Борька пробормотал что-то сквозь сон, почти что промурлыкал томно и расслабленно, как кот, которого снимаешь с теплой батареи, помотал головой, поломался, покобенился и, наконец, раскрыл глаза.
– Дядя Паша, – пробормотал хриплым, изумленным шепотом.
– Он самый, Советский Союз, – представился Павлик. – А ты кого ожидал? Учительницу по астрономии?
– Как же вы меня нашли, дядя Паша? – спросил мальчик, опуская ноги на пол.
– По звездам, – Павлик высветил возле ножек кровати Борькины ботинки, – я ведь астрономию тоже проходил.
– В каком классе? – живо заинтересовался Борька, проявив не совсем своевременную любознательность по части образовательного ценза.
– В штурманском, – ответил Павлик, – я тебе о нем отдельно расскажу. В другое время, – он еще раз, словно лучом прожектора, вскользь осветил комнату, – и в другой ситуации.
– Вы меня куда поведете? – спросил Борька довольно-таки обреченно, хотя и без особого испуга. Было заметно, что внезапная эта ночная беседа весьма его интригует.
– В пионерскую комнату, – рассердился Павлик, – в молодежное кафе! Что ты мне голову-то морочишь? У родителей предынфарктное состояние, а он интересуется, куда мы с ним среди ночи отправимся? На экскурсию! Тебя бы, гада такого, на самом деле Плетневу надо было сдать, чтобы он тебя в КПЗ подержал пару суток да еще бы башку обрил, паразиту! Обувайся – и на выход!
Скорее всего именно угроза вероятной стрижки, хоть и не слишком серьезная, произвела на мальчика решающее действие, он в два счета обулся и встал с кровати. На нем был грязный свитер, выкрашенный домашним хитроумным способом так, чтобы на груди образовались разводы наподобие стрелковой мишени, и джинсы с дерматиновыми круглыми заплатами на коленях. Павлик скептически покачал головой:
– Видал, прифраерился юноша из приличного дома. Тебя ведь после всей этой заразы ни в какой «Дарье» не ототрешь! Ничего, завтра с утра двинешь со мной в Сандуны. Я тебе в парилке массаж флотский устрою, а заодно салазки загну.
Даже в хипповой своей униформе Борька был поразительно красив совершенно еще не осознанной, бескорыстной и потому особо покоряющей красотой: белокурые густые волосы, закрывая уши, касались нежной шеи, длинные девичьи ресницы затеняли глаза, он все время улыбался, добродушно и чуть бестолково, обнажая замечательные, крупные, какие-то очень новые зубы. Принц из киносказки, иного сравнения и не подберешь.

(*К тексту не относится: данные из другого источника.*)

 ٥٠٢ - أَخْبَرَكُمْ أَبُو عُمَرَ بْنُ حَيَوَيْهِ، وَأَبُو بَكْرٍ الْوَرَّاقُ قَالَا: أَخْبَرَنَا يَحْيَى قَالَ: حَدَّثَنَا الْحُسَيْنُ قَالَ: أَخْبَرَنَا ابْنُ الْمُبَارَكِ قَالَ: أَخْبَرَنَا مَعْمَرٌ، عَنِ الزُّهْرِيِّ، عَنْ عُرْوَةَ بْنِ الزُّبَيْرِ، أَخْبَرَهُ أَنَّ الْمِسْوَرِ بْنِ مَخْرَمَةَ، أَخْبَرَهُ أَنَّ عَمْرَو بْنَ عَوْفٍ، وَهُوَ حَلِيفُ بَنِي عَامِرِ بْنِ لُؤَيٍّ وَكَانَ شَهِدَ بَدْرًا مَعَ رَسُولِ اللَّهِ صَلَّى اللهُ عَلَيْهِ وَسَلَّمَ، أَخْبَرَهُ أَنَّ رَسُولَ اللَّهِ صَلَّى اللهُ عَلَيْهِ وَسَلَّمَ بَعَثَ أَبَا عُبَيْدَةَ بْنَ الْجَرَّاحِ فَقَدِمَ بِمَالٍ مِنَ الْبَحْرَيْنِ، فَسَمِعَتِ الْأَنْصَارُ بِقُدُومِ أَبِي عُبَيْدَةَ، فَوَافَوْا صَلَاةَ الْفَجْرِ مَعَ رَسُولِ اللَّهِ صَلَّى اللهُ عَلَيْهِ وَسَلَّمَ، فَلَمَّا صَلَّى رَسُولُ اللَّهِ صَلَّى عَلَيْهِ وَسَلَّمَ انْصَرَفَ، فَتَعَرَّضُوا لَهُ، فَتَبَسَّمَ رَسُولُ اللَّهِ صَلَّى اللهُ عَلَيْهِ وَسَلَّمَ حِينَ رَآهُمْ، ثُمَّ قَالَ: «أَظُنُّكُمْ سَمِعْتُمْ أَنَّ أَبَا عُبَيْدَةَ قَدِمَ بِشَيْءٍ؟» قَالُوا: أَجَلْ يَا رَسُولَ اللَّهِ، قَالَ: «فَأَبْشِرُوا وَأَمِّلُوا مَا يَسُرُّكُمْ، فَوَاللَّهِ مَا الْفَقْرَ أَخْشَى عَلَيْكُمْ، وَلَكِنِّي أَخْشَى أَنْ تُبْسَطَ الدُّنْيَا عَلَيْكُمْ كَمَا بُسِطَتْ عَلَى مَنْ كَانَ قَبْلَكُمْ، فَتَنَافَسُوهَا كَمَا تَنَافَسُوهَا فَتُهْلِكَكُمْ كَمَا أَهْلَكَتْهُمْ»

Я вспомнил всех записных красавцев нашего выпуска, всех танцоров, ухарей, стиляг и спортсменов – нет, такими они не были, даже у самых ярких и самоуверенных из них проскальзывала в облике либо прыщавая скованность, либо юношеская угловатость.

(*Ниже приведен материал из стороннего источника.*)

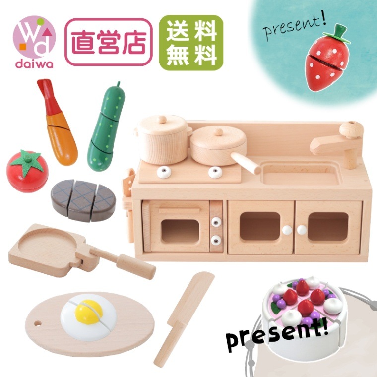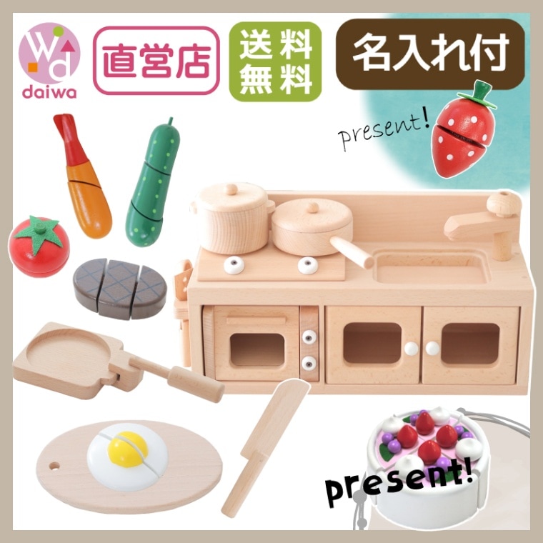 《presentケーキいちご》&《いちご付き》★名入れ付き・ミニキッチン(白)スタートセット《専用BOX*包装不可》 (木のおもち...

– Тебе не страшно тут одному? – спросил я Борьку, осознавая со стыдом позорное благоразумие своего вопроса.
– А вам разве дома страшно? – ответил он мне с простодушием, вполне, вероятно, лукавым, в полутьме я не сумел в этом убедиться окончательно.
– А потом, я не один вовсе, – он кивнул головой в сторону соседней комнаты, – нас тут целая...

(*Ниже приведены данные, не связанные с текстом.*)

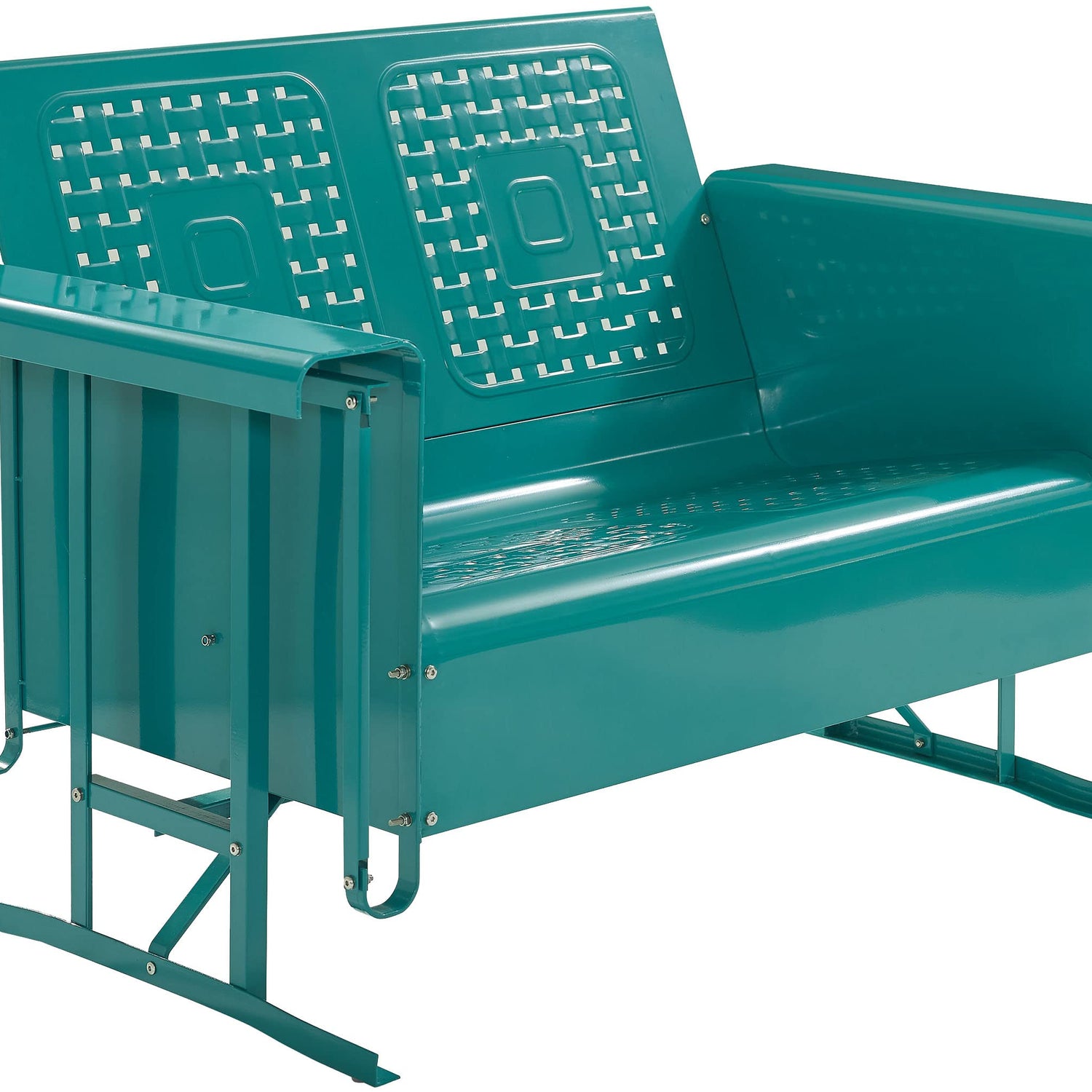 Crosley Furniture CO1024-TU Bates Retro Metal Outdoor Loveseat Glider, Turquoise Gloss

– Гоп-компания, – уточнил саркастически Павлик и направился к двери.
Борька засмеялся и признался с неожиданным в таком месте барством:
– Они храпят во сне, а я этого не выношу. Из-за этого даже из пионерлагеря бегал.
– Ничего, в армии привыкнешь, – пообещал Павлик и распахнул дверь. Пропахшая табаком, потом, затхлым теплом соседняя комната была совершенно пуста. Загоревшаяся под потолком лампочка осветила грязный, истоптанный пол, похабные рисунки и английские надписи на обоях что-то на ту же классическую тему любви и войны, а также два широких, двуспальных продавленных матраца, еще хранящих следы человеческих тел. Дверь в противоположном конце комнаты была приоткрыта.